***** PROVIDED DATA

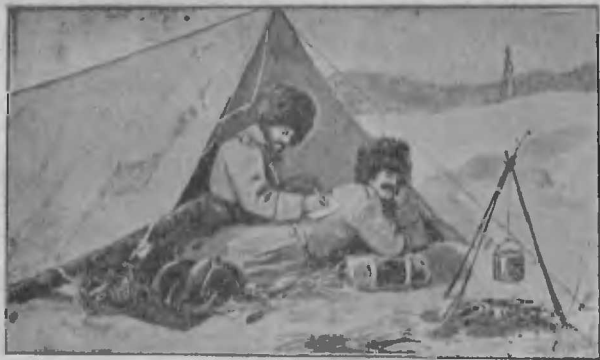
Приваль казаковъ на охотѣ.

„Однажды шестнадцать казаковъ отправились отыскивать тигра, патворившаго у нихъ много бѣдъ. Для большаго удобства они раздѣлились. Вдругъ, выскочивъ совершенно неожиданно изъ куста, тигръ
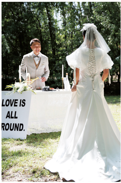
“今天起,我们一定要幸福啊!”
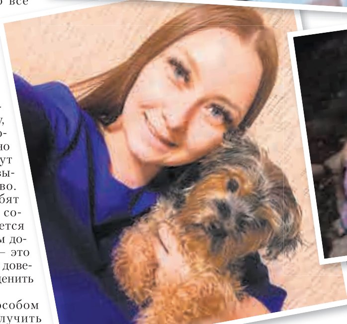
В семье Светловых до сих пор гадают, кто мог жестоко избивать маленького Тэдди?
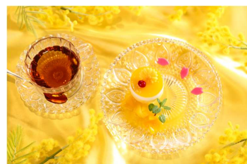
ホテル近鉄ユニバーサル・シティ レストラン「イーボック」
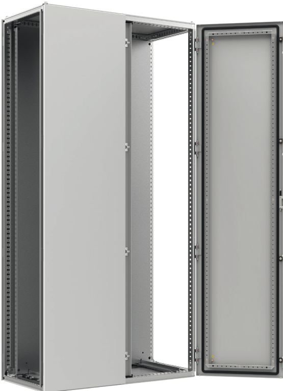
Widok z przodu, drzwi otwarte
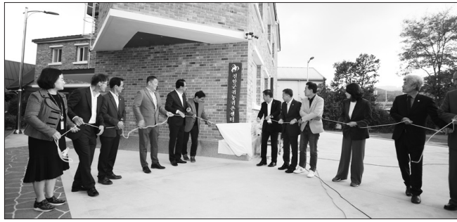
진안군은 19일 청년 농촌체험교육시설인 진안군 청년 with 꿀벌집 개소식을 가졌다.
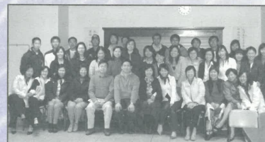
2005年中區基礎班的大合照
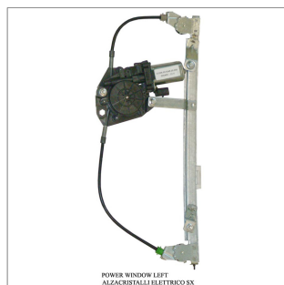
POWER WINDOW LEFT ALZACRISTALLI ELETTRICI SX

Lève-vitre de remplacement / Ersatz-Fensterheber Alzacristalli di ricambio / Elevavinas de recambio
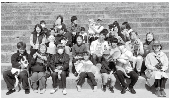
これからもみんなで地域を見守ります

わんわんパトロール隊・ひろたの連絡会が、3月22日に広田小学校校庭で行われました。いつもはおのおので活動していますが、飼い主も犬も交流を深められた良い機会になりました。今後も、年に1度の連絡会を予定しています。
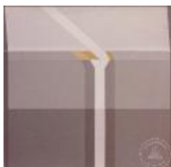
Vista frontal de la obra Space 11 (6-10027)
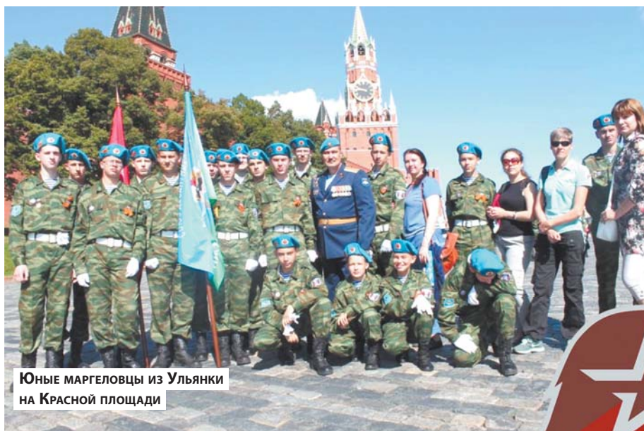
ЮНЫЕ МАРГЕЛОВЦЫ ИЗ УЛЬЯНКИ НА КРАСНОЙ ПЛОЩАДИ
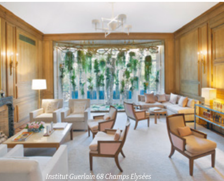
Institut Guerlain 68 Champs Elysées
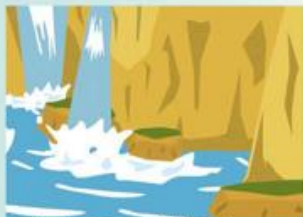
わき水の量が増える。
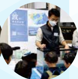
学生考案の実験を間近で見れます。(写真とは内容が異なります)
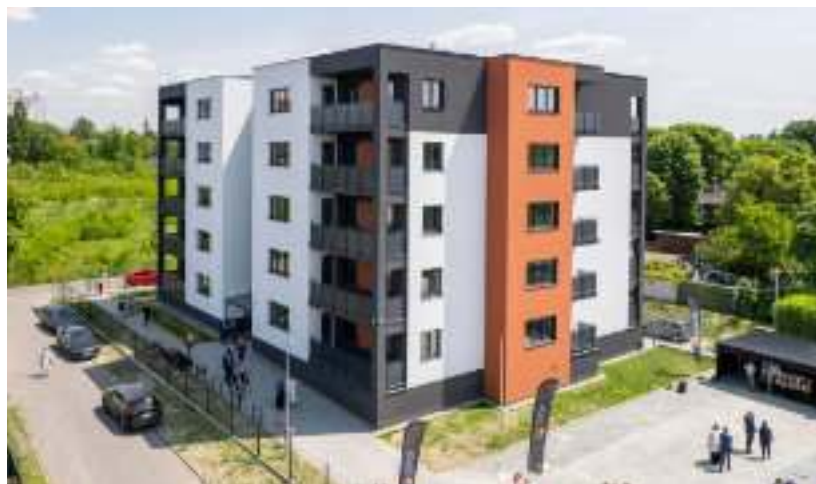
► Blok ZBM-TBS przy ul. Żeromskiego
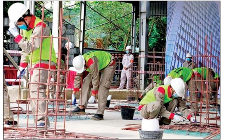
အလုပ်သင် သင်တန်းသားများအတွက် လက်ရှိစနစ်အားဖျက်သိမ်းကာ အစီအစဉ် သစ်တစ်ခုသို့ ပြောင်းလဲသွားရန် စီစဉ်ထားကြောင်း သိရသည်။ ကိုးကား - အင်န်အိတ်ချီကောဘာသာပြန် - စိုးသူရ

ပြင်ဆင်ထိန်းသိမ်းရေး လုပ်သားများကိုပါ ပြည်ပမှ ခေါ်ယူမည်ဖြစ်ပြီး ၎င်းအစီအစဉ်ကို လာမည့်လတွင် ကျင်းပမည့် အစိုးရအစည်းအဝေးတွင် အတည်ပြုမည်ဖြစ်သည်။ ဂျပန်နိုင်ငံ၌ လက်ရှိသတ်မှတ်ချက်များအရ ပြည်ပမှ နိုင်ငံခြားသားကျွမ်းကျင်ပညာရှင်များကို ဂျပန်နိုင်ငံတွင် ငါးနှစ် နေထိုင်ခွင့်ပြုထားပြီး ၎င်းလုပ်ငန်းကဏ္ဍများတွင် သူ့နာပြုလုပ်ငန်း၊ ဆောက်လုပ်ရေးလုပ်ငန်းနှင့် စိုက်ပျိုးရေးလုပ်ငန်းများ ပါဝင်သည်။ ဂျပန်နိုင်ငံအစိုးရက ပြည်ပမှ
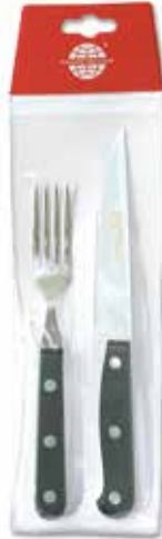
Steakbesteck Steak Knife Set Cubiertos de carne
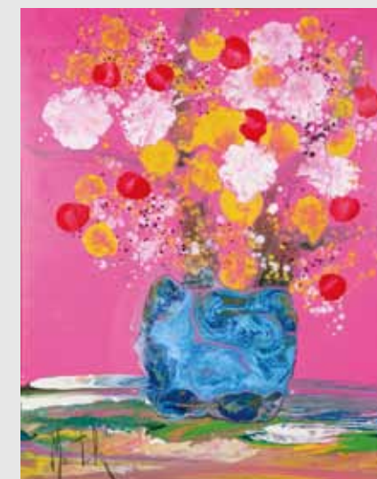
モーツァルトの愛のメロディ 手彩入ジクレー版画 20F

東京会場 / ギャラリー マークエステル 東京都千代田区内幸町1丁目1-1 帝国ホテルプラザ3F TEL. 03-6811-2335 https://h-a-t.jp
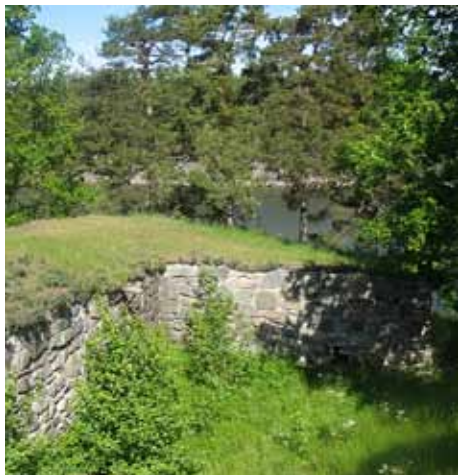
Dalaborgs slottsruin vid Väneren.

Ett trevligt utflyktsmål är Dalaborgs slottsruin som ligger på en liten udde norr om Dalbergså mynning. Borgen uppfördes 1304 av Magnus Ladulås söner, hertigarna Erik och Valdemar och byggdes då på tidigare ruiner. Hertig Erik hade en idé om att skapa ett eget, västnordiskt rike, ungefär med samma gränser som dagens Västra Götaland. Passa på att besöka den gamla lövlunden vid Kvantenburg herrgård ett par kilometer sydväst om Dalaborg. I lövlunden som gränsar till ån växer ek, lönn, alm, hägg och hassel. Även Dalbergså mynning som är en naturlig djuphamn är värt ett besök. Mot Väneren finns en unik hållristning av en älg!

**********

PROBLEM TO SOLVE:
Return every entry word for word, leaving the pictures out.

FINAL ANSWER:
Приваль казаковъ на охотѣ.

„Однажды шестнадцать казаковъ отправились отыскивать тигра, патворившаго у нихъ много бѣдъ. Для большаго удобства они раздѣлились. Вдругъ, выскочивъ совершенно неожиданно изъ куста, тигръ
“今天起,我们一定要幸福啊!”
В семье Светловых до сих пор гадают, кто мог жестоко избивать маленького Тэдди?
ホテル近鉄ユニバーサル・シティ レストラン「イーボック」
Widok z przodu, drzwi otwarte
진안군은 19일 청년 농촌체험교육시설인 진안군 청년 with 꿀벌집 개소식을 가졌다.
2005年中區基礎班的大合照
POWER WINDOW LEFT ALZACRISTALLI ELETTRICI SX

Lève-vitre de remplacement / Ersatz-Fensterheber Alzacristalli di ricambio / Elevavinas de recambio
これからもみんなで地域を見守ります

わんわんパトロール隊・ひろたの連絡会が、3月22日に広田小学校校庭で行われました。いつもはおのおので活動していますが、飼い主も犬も交流を深められた良い機会になりました。今後も、年に1度の連絡会を予定しています。
Vista frontal de la obra Space 11 (6-10027)
ЮНЫЕ МАРГЕЛОВЦЫ ИЗ УЛЬЯНКИ НА КРАСНОЙ ПЛОЩАДИ
Institut Guerlain 68 Champs Elysées
わき水の量が増える。
学生考案の実験を間近で見れます。(写真とは内容が異なります)
► Blok ZBM-TBS przy ul. Żeromskiego
အလုပ်သင် သင်တန်းသားများအတွက် လက်ရှိစနစ်အားဖျက်သိမ်းကာ အစီအစဉ် သစ်တစ်ခုသို့ ပြောင်းလဲသွားရန် စီစဉ်ထားကြောင်း သိရသည်။ ကိုးကား - အင်န်အိတ်ချီကောဘာသာပြန် - စိုးသူရ

ပြင်ဆင်ထိန်းသိမ်းရေး လုပ်သားများကိုပါ ပြည်ပမှ ခေါ်ယူမည်ဖြစ်ပြီး ၎င်းအစီအစဉ်ကို လာမည့်လတွင် ကျင်းပမည့် အစိုးရအစည်းအဝေးတွင် အတည်ပြုမည်ဖြစ်သည်။ ဂျပန်နိုင်ငံ၌ လက်ရှိသတ်မှတ်ချက်များအရ ပြည်ပမှ နိုင်ငံခြားသားကျွမ်းကျင်ပညာရှင်များကို ဂျပန်နိုင်ငံတွင် ငါးနှစ် နေထိုင်ခွင့်ပြုထားပြီး ၎င်းလုပ်ငန်းကဏ္ဍများတွင် သူ့နာပြုလုပ်ငန်း၊ ဆောက်လုပ်ရေးလုပ်ငန်းနှင့် စိုက်ပျိုးရေးလုပ်ငန်းများ ပါဝင်သည်။ ဂျပန်နိုင်ငံအစိုးရက ပြည်ပမှ
Steakbesteck Steak Knife Set Cubiertos de carne
モーツァルトの愛のメロディ 手彩入ジクレー版画 20F

東京会場 / ギャラリー マークエステル 東京都千代田区内幸町1丁目1-1 帝国ホテルプラザ3F TEL. 03-6811-2335 https://h-a-t.jp
Dalaborgs slottsruin vid Väneren.

Ett trevligt utflyktsmål är Dalaborgs slottsruin som ligger på en liten udde norr om Dalbergså mynning. Borgen uppfördes 1304 av Magnus Ladulås söner, hertigarna Erik och Valdemar och byggdes då på tidigare ruiner. Hertig Erik hade en idé om att skapa ett eget, västnordiskt rike, ungefär med samma gränser som dagens Västra Götaland. Passa på att besöka den gamla lövlunden vid Kvantenburg herrgård ett par kilometer sydväst om Dalaborg. I lövlunden som gränsar till ån växer ek, lönn, alm, hägg och hassel. Även Dalbergså mynning som är en naturlig djuphamn är värt ett besök. Mot Väneren finns en unik hållristning av en älg!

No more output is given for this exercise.